17. Februar 2008
Am Aschermittwoch gab’s mal wieder einen echten Oettinger: Der Ministerpräsident überraschte seinen Schulminister Rau und die erstaunte Öffentlichkeit mit einem Schnellschuss aufs Turbogymnasium. Er sah sofortigen Reformbedarf, nachdem das zuständige Ministerium tags zuvor erklärt hatte, grundlegende Reformen seien nicht vorgesehen.
Immerhin scheint es der Landesregierung allmählich zu dämmern, dass mit der überstürzten, undurchdachten und konzeptionslosen Einführung des achtjährigen Gymnasiums Chaos in vielen Gymnasien des Landes Einzug gehalten hat. Man kann eben nicht erwarten, dass etwas, was bisher in neun Jahren erledigt wurde, jetzt ohne Abstriche in acht Jahren gemacht werden kann, ohne dass dies ernsthafte Konsequenzen für den Unterricht und die gesamte Schule hat. Da die Mindeststundenzahl von 265 Jahreswochenstunden bis zum Abitur nicht gekürzt wurde, ächzen Kinder und Jugendliche unter einer 40-50-Stundenwoche.
Die Vorschläge von allen Seiten überschlagen sich insbesondere, seitdem die Hessenwahl für die CDU wohl auch wegen des Turboabiturs eher suboptimal ausgegangen ist. Die einen wollen den Samstagsunterricht wieder einführen, andere sprechen von gründlicher „Entrümpelung“ der Lehrpläne, was immer das heißen mag. Unser Ministerpräsident kam mit der skurrilen Idee, den naturwissenschaftlichen Unterricht zu kürzen. Als hätten wir nicht bereits einen Fachkräftemangel im naturwissenschaftlichen und technischen Bereich, der in Baden-Württemberg nach Berechnungen des Wirtschaftsministeriums zu einem Wertschöpfungsverlust von etwa 3,5 Milliarden Euro pro Jahr geführt hat.
Was unsere Gymnasien sicher nicht brauchen, ist ein Dauerfeuer aus Schnellschüssen. Und sie brauchen noch weniger lustige Einfälle, die einem Ministerpräsidenten eben so am Aschermittwoch spontan in den Kopf kommen. Das aus verschiedenen Gründen wünschenswerte achtjährige Gymnasium braucht vielmehr eine Gesamtkonzeption, eingebettet in eine Reformkonzept für das ganze Schulsystem.
Die SPD-Landtagsfraktion hat mit ihrem „Bildungsaufbruch“ Leitplanken für ein solches Gesamtkonzept entwickelt. Ich greife einmal zwei Punkte auf, die aus diesem Konzept zwingend folgen und mir besonders wichtig erscheinen:
• Die Schule der Zukunft ist Ganztagsschule. Viele Gymnasien wurden durch das Turboabitur faktisch zu Ganztagsschulen, ohne dem Lern-Tag für ihre Schüler einen anderen Rhythmus zu geben oder das Angebot der Schulen für Mahlzeiten oder Pausen und Freistunden zu verbessern.

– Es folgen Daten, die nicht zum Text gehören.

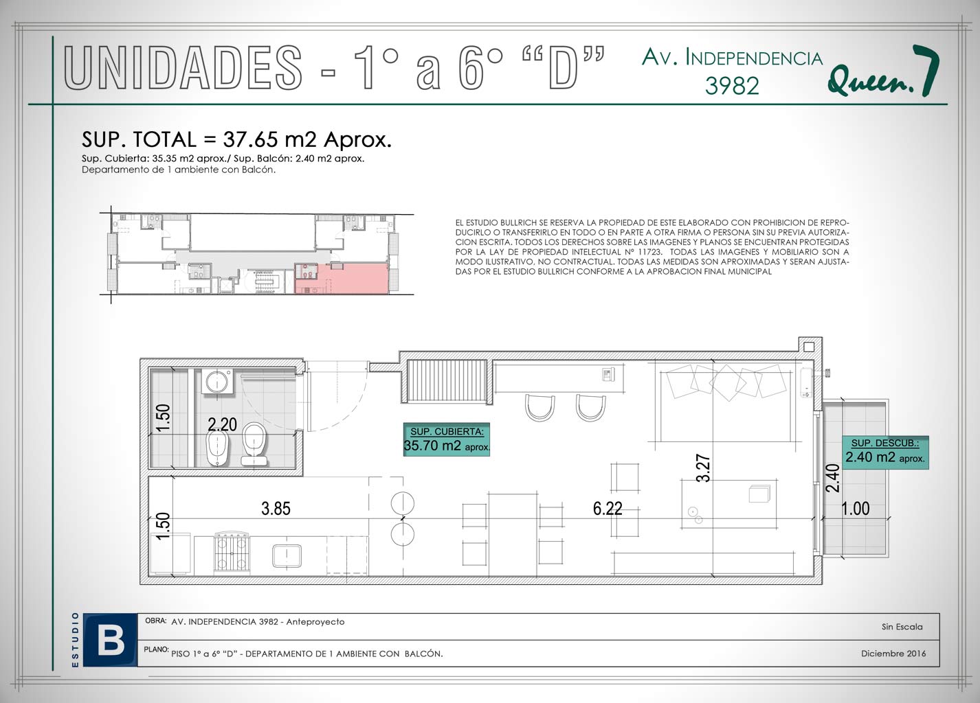 Unidades 1° y 6° Piso - Monoambiente con Balcón (Depto. "D")

• Ganztagsschulen brauchen keine Hausaufgaben. Der Ministerpräsident will Hausaufgaben in der Schule erledigen lassen. Sind sie dann noch Hausaufgaben? Oder nicht eher Schulaufgaben? Aber warum dann nicht noch den einen Schritt weiter gehen und Hausaufgaben abschaffen? Zumal erst kürzlich eine Studie von Bildungsforschern der TU Dresden einmal mehr ergeben hat, dass Hausaufgaben nicht dazu beitragen, dass sich die Noten der Schüler verbessern?
Natürlich ist dies nicht ein Allheilmittel. Und natürlich muss auch über Lehrpläne und Lernziele nachgedacht werden. Und die Reform des Schulsystems muss wesentlich umfassender sein, eine neue integrative Pädagogik der individuellen Förderung und Forderung hat noch weitaus tiefgreifendere Konsequenzen. Es wäre aber immerhin ein erheblicher Fortschritt, wenn die Regierung und der Kultusminister wenigstens diese zwei genannten Punkte ins Auge fassen und für die Umsetzung die notwendigen Ressourcen bereitstellen würden.